CDC data warns Omicron is rapidly spreading in US
New data from the Centers for Disease Control and Prevention (CDC) indicate the Omicron variant is rapidly increasing in prevalence in the United States, accounting for nearly three percent of all cases sequenced in the country over the past week.
As scientists race to understand exactly what impact the recently emerged Omicron variant of SARS-CoV-2 has on disease severity and vaccine protection, case numbers continue to rapidly rise in many countries around the world. A new weekly update from the CDC tracking the proportions of different variants in the US is reporting extraordinary growth of Omicron.
The new data shows Omicron accounting for 2.9 percent of all sequenced cases in the US. This is up from 0.4 percent of sequenced cases just one week prior. The variant was found to be particularly prominent in New York and New Jersey, accounting for around 13 percent of sequenced cases.

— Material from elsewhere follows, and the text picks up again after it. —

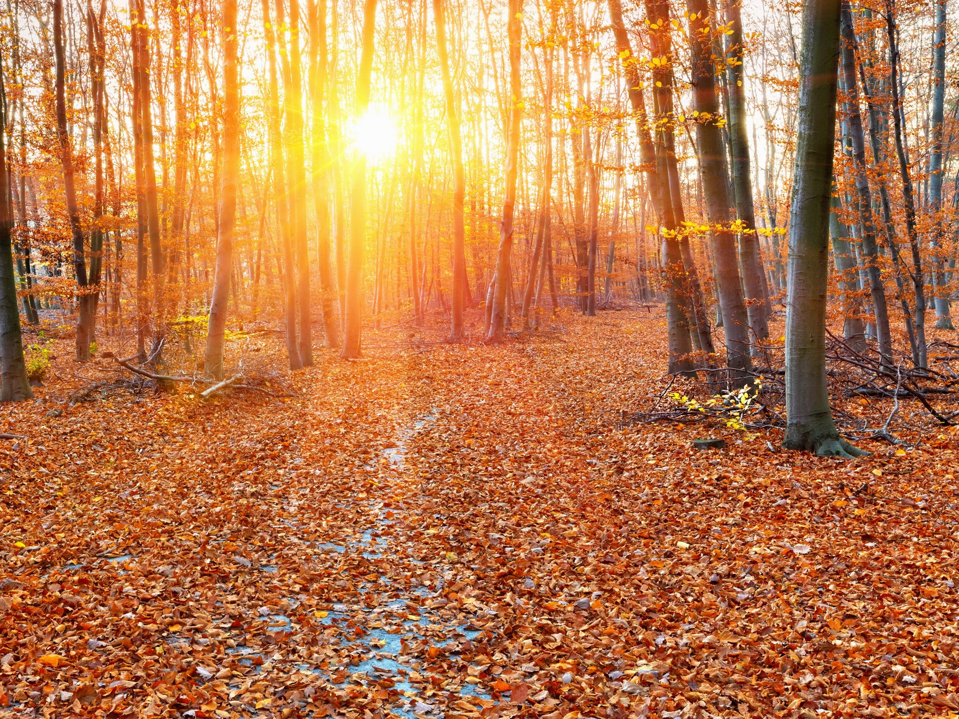 bosque otoño follaje rayos de sol árboles hojas amarillo

A recent CDC briefing with public health officials around the country warned of a potential January surge in cases. Speaking to CNN about this CDC briefing Lori Tremmel Freeman, from the National Association of County and City Health Officials, said the biggest concern was a looming triple threat from Omicron alongside rising Delta variant cases and a resurgence in influenza.
"It's the combination. It's kind of the perfect storm of public health impacts here with Delta already impacting many areas of the country and jurisdictions," said Freeman. "We don't want to overwhelm systems more, but it looks like that we need to prepare for that because if this virus spreads that rapidly, even though it doesn't make people that sick, they're going to seek testing."
CDC Director Rochelle Walensky also tweeted new data on the effectiveness of third vaccine doses. The data, tracking weekly case loads in nursing homes, reveals increasing breakthrough infections in two-dose vaccinated people. However, a third COVID-19 vaccine dose led to 10 times fewer positive cases.
New data on #COVID19 cases among nursing home residents show:— Rochelle Walensky, MD, MPH (@CDCDirector) December 15, 2021
1.Highest weekly COVID-19 case rates are in the unvaccinated
2.Cases are increasing among unvaccinated & fully vaccinated without a booster
3.Fully vaccinated + boosted have a 10x lower rate of getting SARS-CoV-2 pic.twitter.com/HQXl6FzOWa
This nursing home data of course mostly covers a period of time prior to the Omicron variant appearing. But recent emerging evidence from Pfizer and other researchers does indicate a third vaccine dose should restore a great deal of protection against infection lost in the face of Omicron’s ability to break through two vaccine doses.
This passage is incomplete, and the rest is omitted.